▶ **Entries shown**
'''

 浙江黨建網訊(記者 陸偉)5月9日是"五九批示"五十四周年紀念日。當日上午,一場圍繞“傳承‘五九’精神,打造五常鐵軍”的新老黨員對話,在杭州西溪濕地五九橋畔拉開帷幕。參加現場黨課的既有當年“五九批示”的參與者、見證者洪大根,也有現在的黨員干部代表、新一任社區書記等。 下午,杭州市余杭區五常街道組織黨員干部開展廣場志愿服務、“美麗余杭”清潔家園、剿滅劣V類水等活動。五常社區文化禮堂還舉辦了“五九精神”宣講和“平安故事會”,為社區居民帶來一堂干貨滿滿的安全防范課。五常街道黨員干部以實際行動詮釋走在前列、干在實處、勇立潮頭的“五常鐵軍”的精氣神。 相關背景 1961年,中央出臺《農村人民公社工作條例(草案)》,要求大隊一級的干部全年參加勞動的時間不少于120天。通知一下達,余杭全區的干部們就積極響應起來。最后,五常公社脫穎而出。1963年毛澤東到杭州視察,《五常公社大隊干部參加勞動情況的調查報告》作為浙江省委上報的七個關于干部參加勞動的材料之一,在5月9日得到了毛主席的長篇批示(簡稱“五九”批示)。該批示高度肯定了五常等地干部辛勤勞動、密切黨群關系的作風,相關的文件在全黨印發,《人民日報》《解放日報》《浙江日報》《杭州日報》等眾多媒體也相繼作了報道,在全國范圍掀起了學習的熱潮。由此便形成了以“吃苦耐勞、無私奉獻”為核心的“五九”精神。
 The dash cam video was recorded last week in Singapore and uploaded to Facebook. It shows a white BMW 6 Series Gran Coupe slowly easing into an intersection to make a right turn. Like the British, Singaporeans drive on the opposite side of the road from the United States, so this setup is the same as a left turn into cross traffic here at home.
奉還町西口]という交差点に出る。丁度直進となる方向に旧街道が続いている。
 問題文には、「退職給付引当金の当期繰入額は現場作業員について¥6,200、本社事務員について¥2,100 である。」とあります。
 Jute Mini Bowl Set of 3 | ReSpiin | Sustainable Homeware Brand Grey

'''
'''

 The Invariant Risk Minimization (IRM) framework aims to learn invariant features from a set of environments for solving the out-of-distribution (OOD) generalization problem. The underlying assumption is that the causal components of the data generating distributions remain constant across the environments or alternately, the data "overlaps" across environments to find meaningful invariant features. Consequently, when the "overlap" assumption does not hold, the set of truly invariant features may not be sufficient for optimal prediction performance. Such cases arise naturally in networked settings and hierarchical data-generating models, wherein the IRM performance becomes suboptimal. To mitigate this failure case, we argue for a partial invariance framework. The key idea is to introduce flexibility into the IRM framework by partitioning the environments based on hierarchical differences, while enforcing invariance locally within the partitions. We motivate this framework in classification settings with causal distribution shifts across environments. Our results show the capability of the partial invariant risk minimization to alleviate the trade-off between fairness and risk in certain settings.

'''
'''

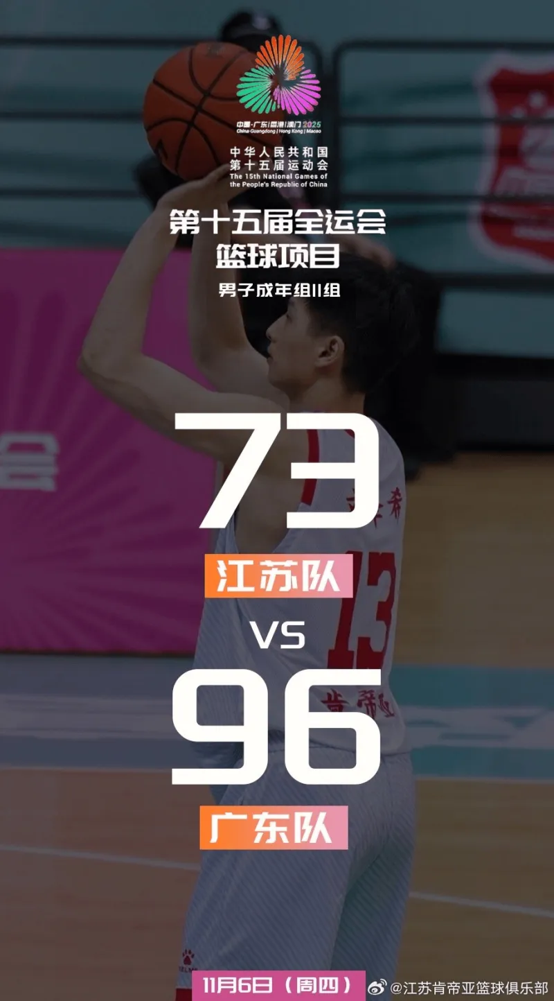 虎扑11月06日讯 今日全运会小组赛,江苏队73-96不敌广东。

'''

▶ **What this task involves**
Print exactly the lines above, between the one holding "The dash cam" and the one holding "奉還町西口]という交差点に出る。丁度直進となる方向に旧街道が続いている。", inclusive, and nothing besides.

▶ **Expected answer**
 The dash cam video was recorded last week in Singapore and uploaded to Facebook. It shows a white BMW 6 Series Gran Coupe slowly easing into an intersection to make a right turn. Like the British, Singaporeans drive on the opposite side of the road from the United States, so this setup is the same as a left turn into cross traffic here at home.
奉還町西口]という交差点に出る。丁度直進となる方向に旧街道が続いている。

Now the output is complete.